● **INPUT DATA**

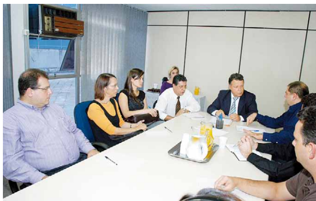
Reunião inicial no Instituto de Identificação

As assistentes sociais das prefeituras das cidades mais prejudicadas – Morretes, Antonina, Paranaguá e Guaratuba – foram aos locais onde estavam os desabrigados para que eles preenchessem os formulários de requisição da segunda via de certidões de nascimento e casamento.
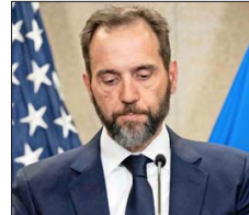
SMITH está a cargo del caso contra Trump por el asalto al Capitolio.

mula de Kamala Harris en la elección. Y si bien este puesto finalmente fue ocupado por el gobernador de Minnesota, Tim Walz, la exposición pública que implicó su participación en la campaña fortaleció su figura de cara a una potencial campaña presidencial en 2028, cuando termine el mandato de Trump.
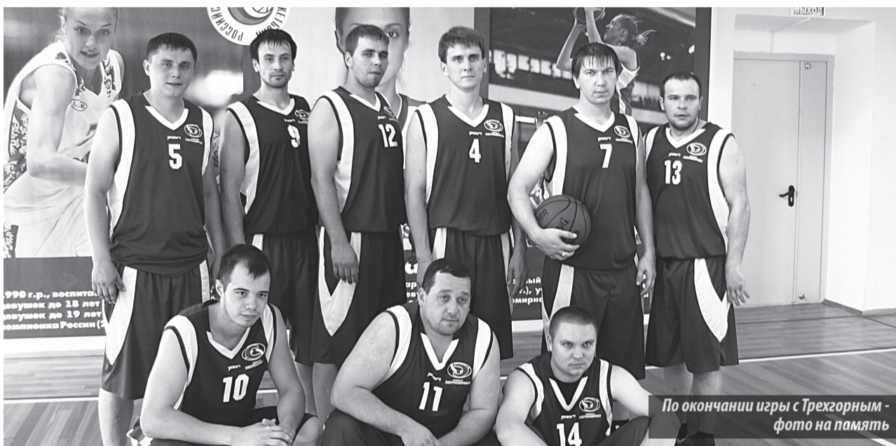
По окончании игры с Трехгорным - фото на память

Х турнир предприятий «Росатом» на приз ФГУП РФЯЦ-ВНИИТФ имени академика Е.И. Забабахина. Мужчины. Снежинск. ДС стадиона имени Ю.А. Гагарина. 22-24.08.2014

● **EXERCISE DIRECTIONS**
Where the line with "mula de Kamala" appears, begin there and transcribe exactly through the last line of the data, leaving all pictures aside.

● **RESULT BELOW**
mula de Kamala Harris en la elección. Y si bien este puesto finalmente fue ocupado por el gobernador de Minnesota, Tim Walz, la exposición pública que implicó su participación en la campaña fortaleció su figura de cara a una potencial campaña presidencial en 2028, cuando termine el mandato de Trump.
По окончании игры с Трехгорным - фото на память

Х турнир предприятий «Росатом» на приз ФГУП РФЯЦ-ВНИИТФ имени академика Е.И. Забабахина. Мужчины. Снежинск. ДС стадиона имени Ю.А. Гагарина. 22-24.08.2014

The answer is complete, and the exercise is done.